自然数を2つ選べば円周率が求まる説の補足

自然数の集合から無作為に 2 つ自然数を選んで (重複を許す)、それが互いに素である確率は $6/\pi^2$ であることが知られています。以下の動画では、この事実を用いて円周率を求めました。

動画では簡略化のため、厳密な議論を避けて説明しています。
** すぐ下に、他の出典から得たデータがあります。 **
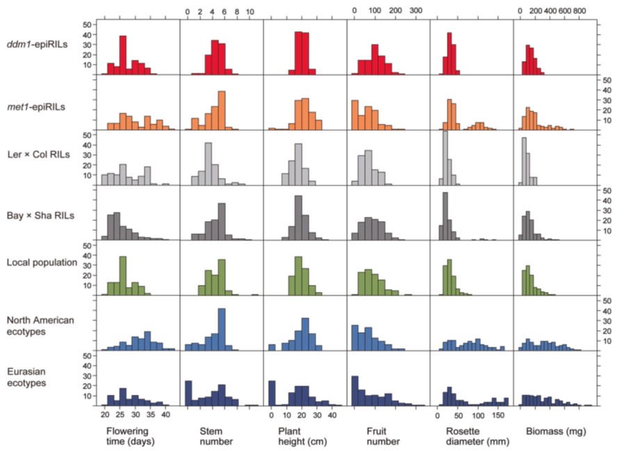 Figure 1 Distributions of phenotypes within different groups of Arabidopsis thaliana (RILs = genetic recombinant inbred lines; epiRILs = epigenetic recombinant inbred lines), for six different phenotypic traits, when compared in a common greenhouse environment. Plants with large rosette diameter (in met1-epiRILs, Bay × Sha RILs, and ecotypes) are late-flowering, whereas plants with zero height and number of fruits are individuals that did not bolt or flower during the experiment, possibly representing a winter-annual strategy. The geographic (Eurasian or North American) collections of ecotypes are in blue, the local European population in green, RILs in grey, and epiRILs in orange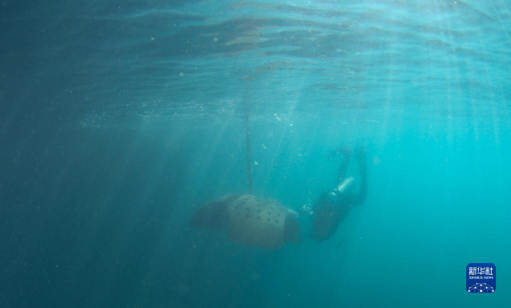 1月19日,在海南省三亚市亚龙湾海域,潜水员将人工生态礁移至海底指定区域。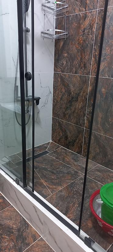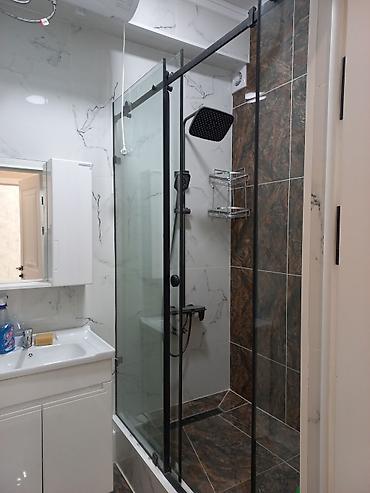 - Санузел: душевая зона в нише с раздвижными стеклянными дверями на черном профиле; тропический душ и ручная лейка; линейный трап; стены и поддон облицованы крупноформатной плиткой — сочетание белого «мрамора» и темного камня; угловые металлические полки; умывальник с тумбой и зеркальным шкафом; электрический водонагреватель; вытяжка.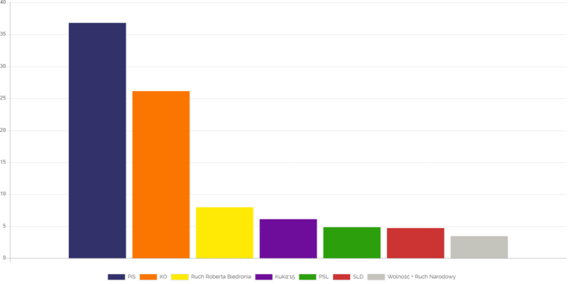 Un PiS en léger recul, une opposition renforcée mais divisée, et une jeunesse tentée par l'extrême-droite. Voici les principales leçons des intentions de vote pour les prochaines élections européennes en Pologne, selon un sondage Ipsos commandé par OKO.press.

厳密な証明が気になる方のために、この記事でそれを紹介します。

ただし、オイラーが示したとされる等式

$$\prod_{p \ : \textrm{ 素数 }} \frac{1}{1 -\frac{1}{p^2}} = \frac{\pi^2}{6}$$

は既知とします。

シミュレーション結果は github で公開しています。

厳密な証明

$N$ を任意の自然数とし、集合 $\{1, 2, \cdots, N\}$ から無作為に 1 つの数を選ぶとき、それぞれの数が選ばれる確率は全て等しく $\frac{1}{N}$ であるとします。また、それが自然数 $m$ の倍数である確率を $P_N(m)$ とおきます( 動画中では $P(m)$ とおいた)。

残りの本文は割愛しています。